Oak Street Seniors complete craft projects
Published 10:29 am Wednesday, October 31, 2018
- Members of the Oak Street Senior Citizens group pose proudly with items that they made doing this craft session. Some of them are even wearing the hats that they created during the class session. In front, from left, are Shirley Black, class instructor Barbara Barnes and Barbara Wilson; back, Virginia Edmonds, Louise Haskins, Betty Patterson, Barbara McClenny, Margie Copeland, Jean Bullock and Odessa Anderson. Not pictured are Mary Britt, Nellie Boone, Ernestine Barnes, Robert Fogan, Lula Barnes, Janice Joyner, Bearice Chapman, Virginia Haley, Martha Lawrence and Mary Belton. A special notice on one longtime faithful member of the group is Hattie Holland, who at the time of her death on Sept. 6, was listed as the center’s oldest senior citizen. -- Frank A. Davis | Tidewater News
FRANKLIN
The Oak Street Seniors arts & crafts instructor, Barbara Barnes, has had some of the members of the senior group busy over the past few weeks working on a variety of various arts and crafts projects.
“There is none thing more satisfying than designing and making beautiful things for your home by giving familiar old items a new look,” said Barnes. Old items as a jar, a No. 10 can, and an old straw hat, with a little paint, flowers and glitter can be given a new life/purpose in the home or to be worn as with the straw hat.”
Barnes and her always-eager group of seniors at the Dr. Martin Luther King Jr. Community Center have been very active in converting the list of items into a new beautiful project. The empty No. 10 can from the kitchen has been decorated with old magazine book images, ribbons and lace to be converted into a toilet paper holder. The use of the cans is furthered as two cans are joined together to make an umbrella holder.

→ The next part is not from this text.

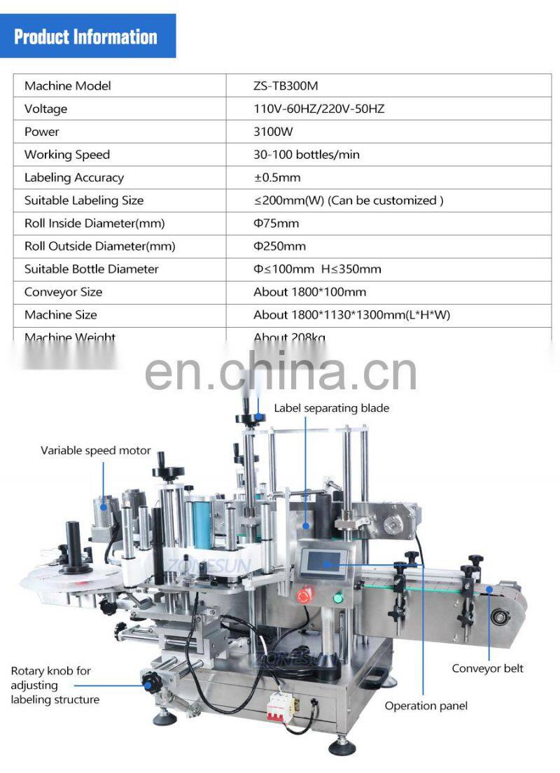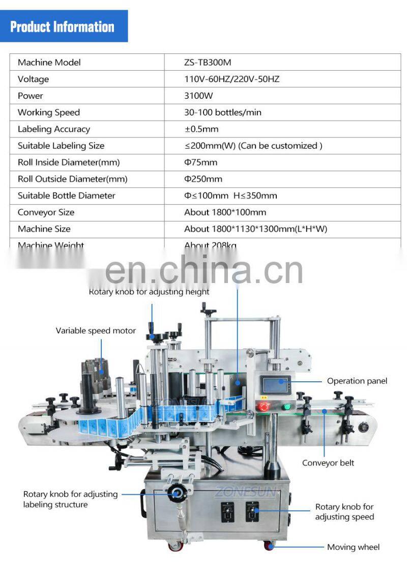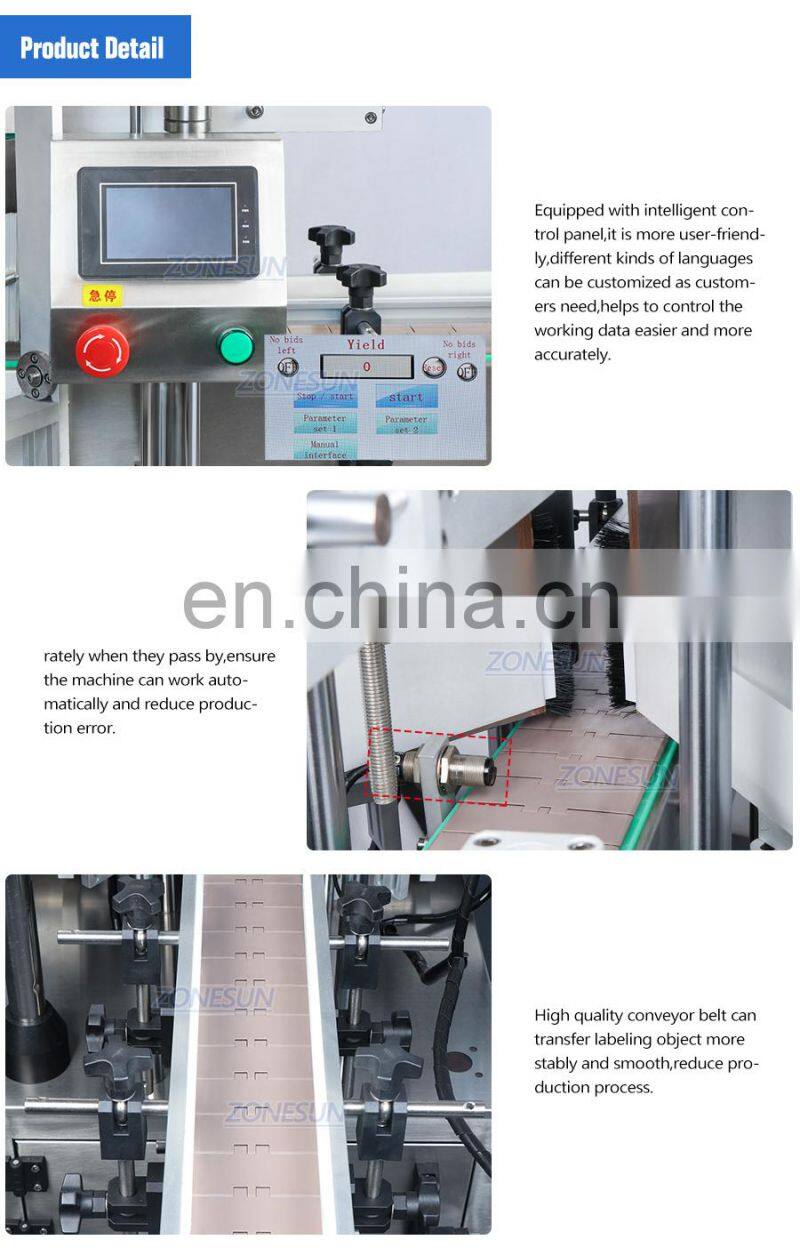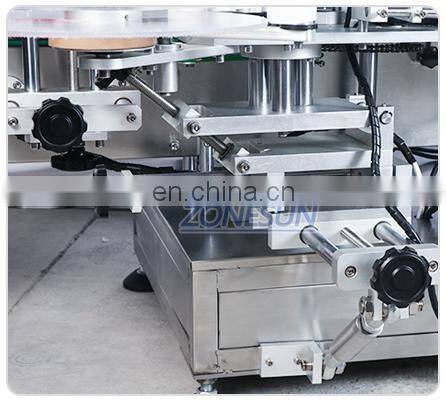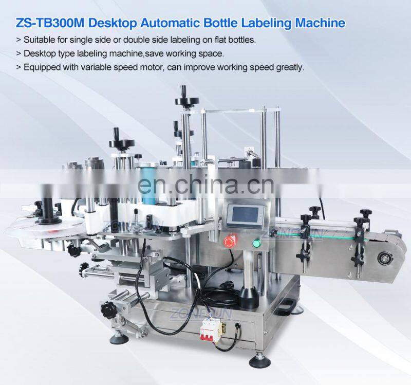 Home > Products > Labeling Machine > ZONESUN ZS-TB300M Automatic Stickers Flat Bottle Double Sided Labeling Machine For Square Bottles

A discarded jar or name more familiar for many seniors, a canning jar, easily can become a lovely centerpiece in a room. The improvements with it as well can come from use of magazine images, ribbons, lace, flowers, glitter and paint.
Lastly, the old straw hat gets a new look when a touch of flowers in a variety of colors, a grosgrain ribbon bows with streamers that are glued to it to produce a one of a kind new designer hat.
“The key to success,” said Barnes, is “combining imagination with practical know-how with crafting and decorating with clear step-by-step instruction for each project. Each project means you can work at your own speed, even if you have no previous experience.”